Work to be completed:
Output only this range of the data below: the line that contains "CONTACTOR ,[CU18] 3" through the final line, both ends included, each retyped exactly.

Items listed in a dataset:
- - - - -

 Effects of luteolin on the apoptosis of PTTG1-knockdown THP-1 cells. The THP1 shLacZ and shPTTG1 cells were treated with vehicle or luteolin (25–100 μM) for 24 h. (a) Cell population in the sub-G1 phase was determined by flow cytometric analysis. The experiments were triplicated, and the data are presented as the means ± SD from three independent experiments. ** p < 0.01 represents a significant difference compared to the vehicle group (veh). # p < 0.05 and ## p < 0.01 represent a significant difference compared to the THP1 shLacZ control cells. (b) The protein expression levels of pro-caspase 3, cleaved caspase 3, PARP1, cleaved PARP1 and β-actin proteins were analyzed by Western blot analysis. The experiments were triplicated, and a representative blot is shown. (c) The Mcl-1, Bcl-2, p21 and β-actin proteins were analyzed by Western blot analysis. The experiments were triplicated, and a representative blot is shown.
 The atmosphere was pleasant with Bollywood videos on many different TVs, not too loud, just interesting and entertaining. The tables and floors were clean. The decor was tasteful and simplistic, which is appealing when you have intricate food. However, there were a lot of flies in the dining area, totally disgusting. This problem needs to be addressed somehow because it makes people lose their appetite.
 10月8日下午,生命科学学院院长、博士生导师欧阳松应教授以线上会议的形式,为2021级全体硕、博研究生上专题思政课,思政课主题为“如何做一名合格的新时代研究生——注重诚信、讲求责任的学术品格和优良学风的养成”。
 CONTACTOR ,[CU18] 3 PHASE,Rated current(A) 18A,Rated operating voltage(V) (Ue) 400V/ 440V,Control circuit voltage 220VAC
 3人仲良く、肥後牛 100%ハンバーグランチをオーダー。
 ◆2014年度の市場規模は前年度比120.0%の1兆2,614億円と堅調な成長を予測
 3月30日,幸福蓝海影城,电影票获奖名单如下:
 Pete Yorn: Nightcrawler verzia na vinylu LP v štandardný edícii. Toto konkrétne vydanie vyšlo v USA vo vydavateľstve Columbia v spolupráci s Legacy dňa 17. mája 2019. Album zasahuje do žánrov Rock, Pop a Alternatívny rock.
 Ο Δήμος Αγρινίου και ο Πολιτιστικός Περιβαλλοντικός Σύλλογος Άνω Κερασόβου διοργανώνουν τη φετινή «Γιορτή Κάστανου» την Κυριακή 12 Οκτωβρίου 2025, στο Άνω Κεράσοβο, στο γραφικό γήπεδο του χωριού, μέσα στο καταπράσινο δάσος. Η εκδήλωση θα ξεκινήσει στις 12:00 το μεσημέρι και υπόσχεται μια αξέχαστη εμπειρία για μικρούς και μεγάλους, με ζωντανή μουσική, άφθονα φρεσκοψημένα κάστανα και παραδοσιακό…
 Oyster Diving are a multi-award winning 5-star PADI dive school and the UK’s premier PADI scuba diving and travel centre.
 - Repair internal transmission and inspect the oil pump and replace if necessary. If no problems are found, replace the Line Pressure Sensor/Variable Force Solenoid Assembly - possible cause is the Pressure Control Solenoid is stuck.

- - - - -

Task result:
 CONTACTOR ,[CU18] 3 PHASE,Rated current(A) 18A,Rated operating voltage(V) (Ue) 400V/ 440V,Control circuit voltage 220VAC
 3人仲良く、肥後牛 100%ハンバーグランチをオーダー。
 ◆2014年度の市場規模は前年度比120.0%の1兆2,614億円と堅調な成長を予測
 3月30日,幸福蓝海影城,电影票获奖名单如下:
 Pete Yorn: Nightcrawler verzia na vinylu LP v štandardný edícii. Toto konkrétne vydanie vyšlo v USA vo vydavateľstve Columbia v spolupráci s Legacy dňa 17. mája 2019. Album zasahuje do žánrov Rock, Pop a Alternatívny rock.
 Ο Δήμος Αγρινίου και ο Πολιτιστικός Περιβαλλοντικός Σύλλογος Άνω Κερασόβου διοργανώνουν τη φετινή «Γιορτή Κάστανου» την Κυριακή 12 Οκτωβρίου 2025, στο Άνω Κεράσοβο, στο γραφικό γήπεδο του χωριού, μέσα στο καταπράσινο δάσος. Η εκδήλωση θα ξεκινήσει στις 12:00 το μεσημέρι και υπόσχεται μια αξέχαστη εμπειρία για μικρούς και μεγάλους, με ζωντανή μουσική, άφθονα φρεσκοψημένα κάστανα και παραδοσιακό…
 Oyster Diving are a multi-award winning 5-star PADI dive school and the UK’s premier PADI scuba diving and travel centre.
 - Repair internal transmission and inspect the oil pump and replace if necessary. If no problems are found, replace the Line Pressure Sensor/Variable Force Solenoid Assembly - possible cause is the Pressure Control Solenoid is stuck.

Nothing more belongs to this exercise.